Monday, November 24, 2008

Key strengthening excercises for XC and endurance riders

Strength and cross training in the mountain bike world has been slow to catch up to its road counterpart. The evolution of the mountain bike particular to xc and endurance racing to ride as light as possible along with the increased technical nature of the trails we are now needs to make sure that their body can actually hold up.

Alone the evolution of the bike frame and components requires some better thought in to the strength and conditioning programs that have long been used. These days the rider is may be navigating a bike no more then 20 pounds across some harsh terrain for a good distance and needs the physical attributes to handle such a ride.

Along with the recommended cross training on a road bike to get in the miles, sprints, and hill work; here are a few strength training techniques that riders should include in their training;

Neutral glute bridge:

Optimize range control of your gluteus maximus and improved stability in your oblique. Helps in moving the bike foward and mantaining stability in various positions.

1. Lie on a firm surface with hands on front of hips to monitor hip position.

2. Lift pelvis using both legs, then raise one leg as shown.

3. Hold this position for 10 seconds, before returning to the start position.

4. Be sure that the pelvis is held level. This is the key. One side may be more difficult to do than the other.

5. Repeat 10 times on each side with a break between every lift.

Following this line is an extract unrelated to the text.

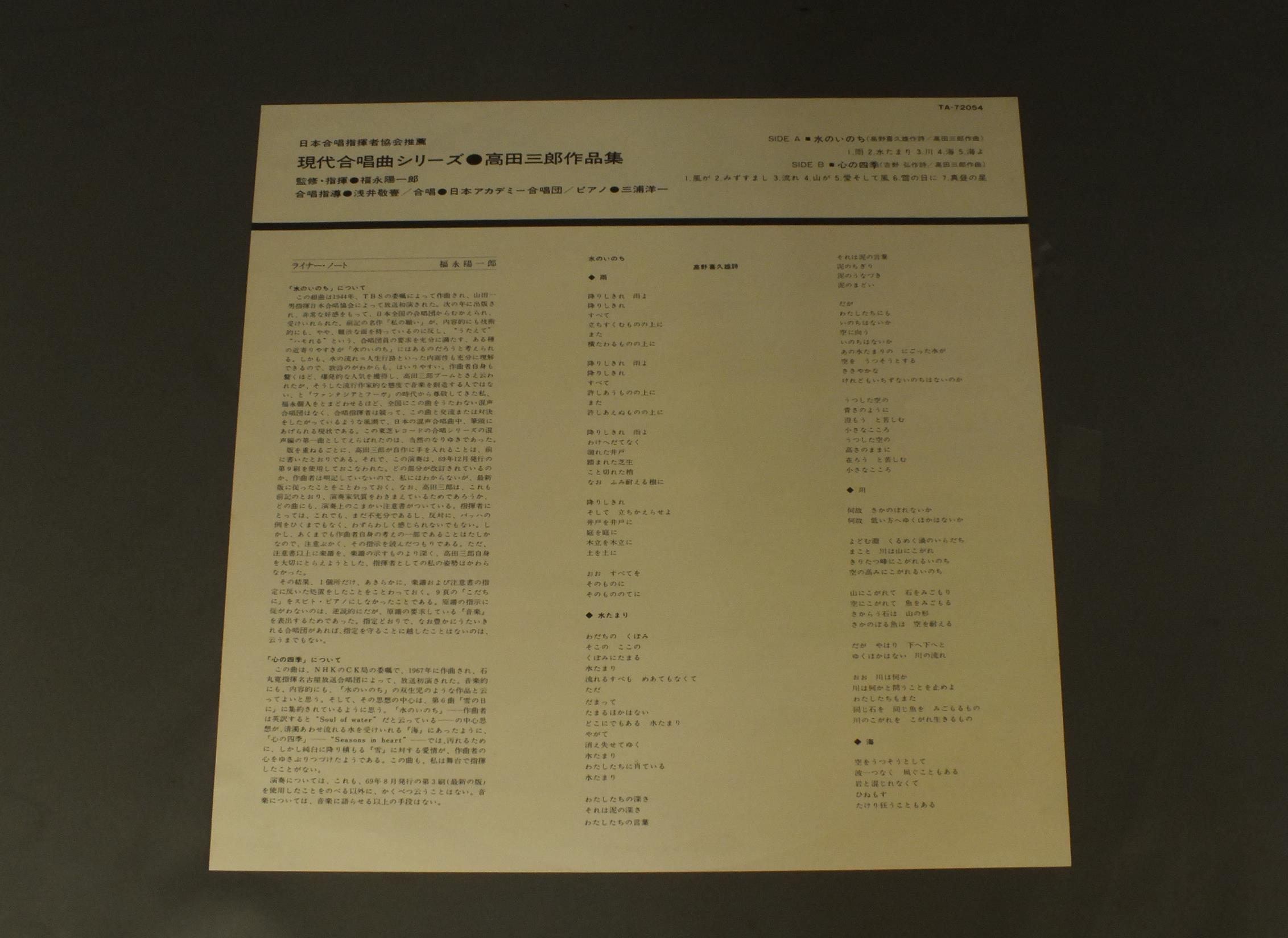 福永陽一郎/水のいのち/高田三郎作品集 TA72054 製造国:日本盤 / Media:LP外観:EX-盤の状態:EX+帯:VG+ 価格(税込):¥1,650(売約済) 送料 7inch:定形外郵便 360円~LP:定形外郵便 660円~送料は、注文の最終画面で確認頂けます。 > > / 外観 (EX-)特記事項:シミ有り外観EX-の共通説明:ダメージ軽度~多少。 中古品としては普通の状態。シミ、ヨゴレ、スレなど軽く~多少。 盤の状態 (EX+)特記事項:極薄いスリキズ・スレ少し。一見してきれいな状態です。盤EX+の共通説明:盤面の極薄いスリキズ、スレ少し程度 音に出そうなものは無いように見える(極軽微なソフトティック音は除く)。 帯の状態 (VG+):特記なし。 その他:白見本盤 Tweet それぞれの画像をクリックすると、大きい写真が見られます こちらの商品もお勧めです 990円 VARIOUS CONDUCTORメトロポリタン・オペラ・ガラ / METROPOLITAN OPERA GALA 1972 APR 221972年4月22日 990円 NEGRI - AMELING - ORCHESTRA DE CHAMBRE DE LAUSANNE etcメグリ - アーメリング - ローザンヌ室内管弦楽団他 / CIMAROSA - REQUIEMチマローザ - レクイエム 1,210円 CALLAS - SERAFIN - PHILHARMONIAカラス - セラフィン - フィルハーモニア管弦楽団 / DONIZETTI - LUCIA DI LAMMERMOOR 1958 2LP SETドニゼッティ - ランメルムーアのルチア全曲 1959 2枚組 1,210円 KNAPPERTSBUSCH - CHORUS AND ORCHESTRA OF THE BAVARIAN STATE OPERA MUNICHクナッパーブッシュ - バイエルン国立歌劇場管弦楽団・合唱団 / ベートーベン - フィデリオ全曲 990円 HOUZAN YAMAMOTO山本邦山/山内喜美子/望月太八 他 / NOZAKI KOUTA和洋合奏野崎小唄 990円 WERNER - ENSEMBLE INSTRUMENTAL DE HEILBORNNヴェルナー - ハイルブロン・シュルツ合唱団&器楽アンサンブル / BACH - GROBEN KANTATENバッハ - 教会カンタータ集13 1,210円 KYOUICH KITAMURA北村協一 - 関西学院グリークラブ他 / TAKEHIKO TAKEDA WORKS ( CONTEMPORARY JAPANESE CHORUS )多田武彦作品集 - 中勘助の詩から他 2,090円 TERUKO ONO小野光子 / ROMANCES TO POEMS BY PUSHKINプーシキンの詩による歌曲集

2. Pullups/chin Ups Many xc riders have a weak upper body; which takes its toll when its a long ride on a aggresive trail. Good upper body strength is nescessary in navigating down the trail and maintaining control of your bike.

1. Straighten your arms all the way at the bottom and allow your shoulders to come up by your ears as well. Cross your legs at the knees to maintain balance while contracting your core.

2. Pull ups indicate that your palms are facing away from you and chin ups indicate that your palms are facing towards you. Both have their place in a program but I almost always start people out with chin ups as they are easier learn how to initiate the movement by pulling the shoulder blades down.

3. If you can do more than 8 reps in a set then strap some weight to yourself.

Plank to push up

As mentioned above most MTB riders need some more upper body strength; and a strong torso as well. This is one of the best exercises to strengthen the shoulders the core, and adding a little something to the lower back all at the same time.

1. Start in a plank position; have your hips lowered and tucked along with your abs contracted; and the belly button sucked in.

2. Keeping the core tight; push your body up into a push up position; hold and then lower back down. Perform as many as you can while maintaining good form.

For an added bonus; add a bosu for an element of instability.

So instead of thinking about that new component or bike to make things go faster; think about what is driving the bike. Strengthening and conditioning will allow you to ride longer, faster, and make the ride just that much more fun.